Once integrated over the entire atmospheric column, the sum of kinetic energy (6) and enthalpy (7) equations expresses the change of the total energy, defined as \( K + C_{p} T \):

$$ \frac{{\partial \left( {K + C_{p} T} \right)}}{\partial t} + \overrightarrow {\nabla } \cdot \left[ {\left( {K + \Upphi + C_{p} T} \right)\overrightarrow {V} } \right] + \frac{{\partial \left[ {\left( {K + \Upphi + C_{p} T} \right)\omega } \right]}}{\partial p} - \overrightarrow {V} \cdot \overrightarrow {F} - Q = 0 $$
(8)

Upon global averaging over the entire atmosphere, noted as \( \left\{ {} \right\} \), and with suitable lower boundary conditions (e.g. eq. 2.12 and 2.16 of Laprise and Girard 1990), the celebrated result of atmospheric energetics obtains:

$$ \left\{ {\begin{array}{*{20}c} {\frac{{\partial \left\{ K \right\}}}{\partial t} + \left\{ {\omega \alpha } \right\} - \left\{ {\overrightarrow {V} \cdot \overrightarrow {F} } \right\} = 0} \hfill \\ {\frac{{\partial \left\{ {C_{p} T} \right\}}}{\partial t} - \left\{ {\omega \alpha } \right\} - \left\{ Q \right\} = 0} \hfill \\ {\frac{{\partial \left\{ {K + C_{p} T} \right\}}}{\partial t} - \left\{ {\overrightarrow {V} \cdot \overrightarrow {F} } \right\} - \left\{ Q \right\} = 0} \hfill \\ \end{array} } \right. $$
(9)

The last equation expresses conservation of global total energy \( \left\{ {K + C_{p} T} \right\} \) in the absence of net external sources/sinks of mechanical energy \( \left\{ {\overrightarrow {V} \cdot \overrightarrow {F} } \right\} \) and diabatic heat \( \left\{ Q \right\} \). Hence \( \{ {\omega \alpha } \} \) represents a conversion between kinetic energy and enthalpy (e.g., Lorenz 1967; Peixoto and Oort 1992).

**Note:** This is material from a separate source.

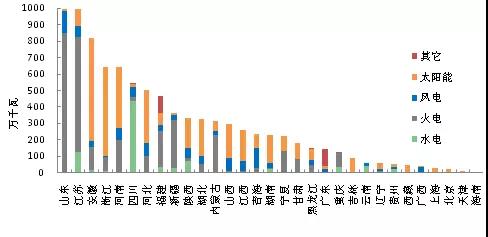 2017年1-10月,我國新增裝機主要集中在山東、江蘇、安徽、浙江、河南、四川、河北、福建、新疆等省份(新增裝機均在360萬千瓦以上),占新增裝機總量的67.5%;
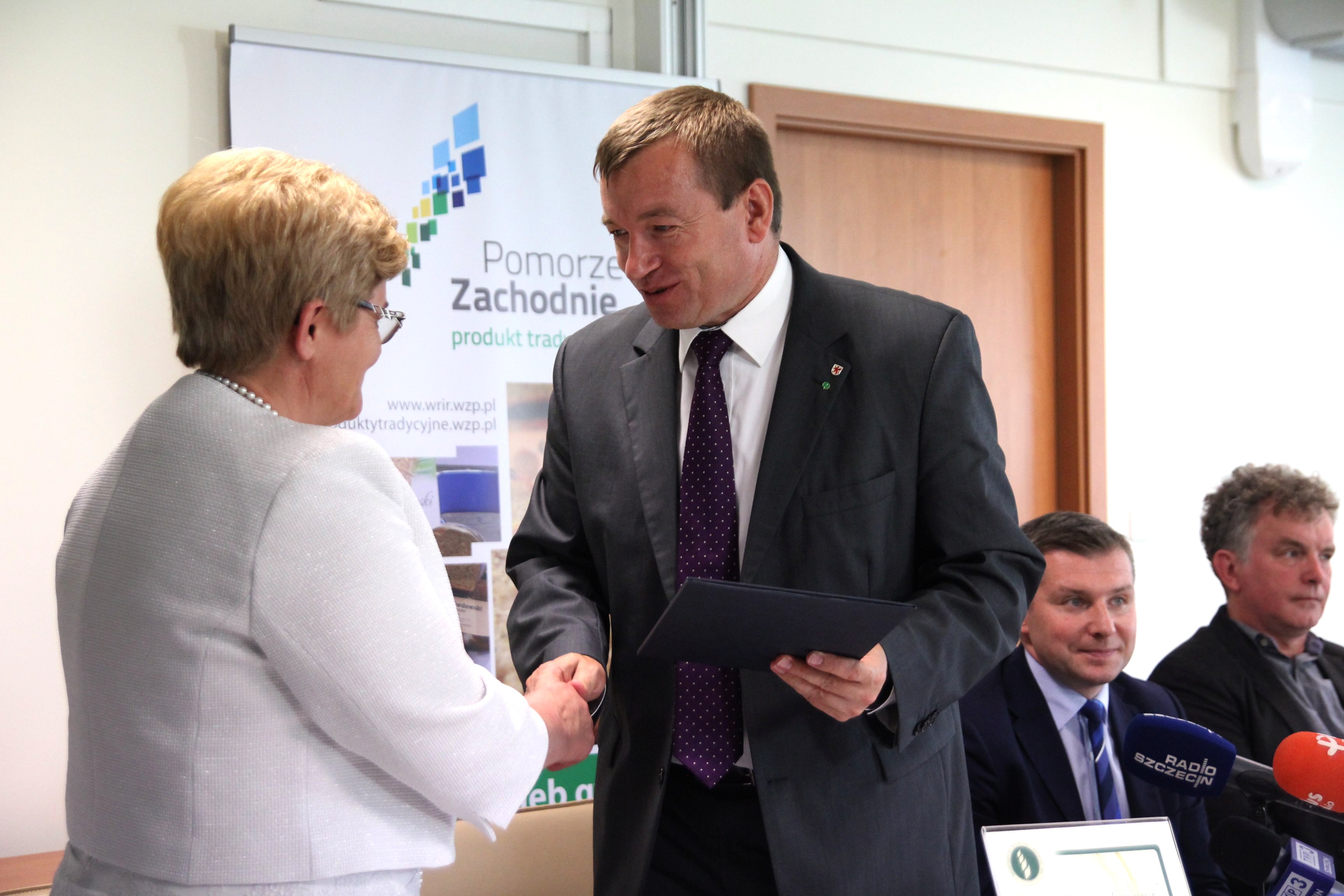 - Z targów Polagra w Poznaniu przywieźliśmy prawdziwy grad nagród, więc spotykamy się dziś w wyjątkowo licznym gronie. W tym roku to aż 5 „Pereł” i 3 „Klucze do Polskiej Spiżarni”. Od kilku lat Pomorze Zachodnie stało się liderem w tego typy konkurencjach, a nasze stoisko zawsze jest oblegane przez tłumy chętnych, którzy chcą spróbować zachodniopomorskich smaków - mówił wicemarszałek Jarosław Rzepa, który również pogratulował wytwórcom pasztecików gdowskich, nowego produktu tradycyjnego – Wiem, że są przepyszne. A dodatkową dobrą wiadomością jest fakt, że dzieło pani Danuta Szlaz kontynuuje syn. Jak widać, kolejne pokolenia przejmują pasję opieki nad naszym kulinarnym dziedzictwem.

In energetics studies it is useful to decompose the terms appearing in the budget equations into contributions from some mean and deviations thereof, where the mean may be either an average taken over time, around a latitude circle or, as will be the case in this paper, the average of the members in an ensemble of nested model simulations. For quadratic terms such as kinetic energy in (6), the decomposition leads to separate contributions from mean winds and from deviation winds. The same decomposition applied to linear terms such as enthalpy in (7), however, does not bring out any apparent contribution from deviations upon averaging and hence it is not possible to clearly identify contributions from mean and deviations in exchanges between kinetic and thermodynamic energies (e.g., Boer 1989). This and the fact that enthalpy appears to be overwhelmingly large compared to kinetic energy for typical atmospheric states, makes it advantageous to modify (7) in order to operate as deviation from some reference state, thus reducing the magnitude of the thermodynamic energy contribution. Casting the thermodynamic equation in a quadratic (or some other nonlinear) form also allows decomposing into contributions from mean and deviations.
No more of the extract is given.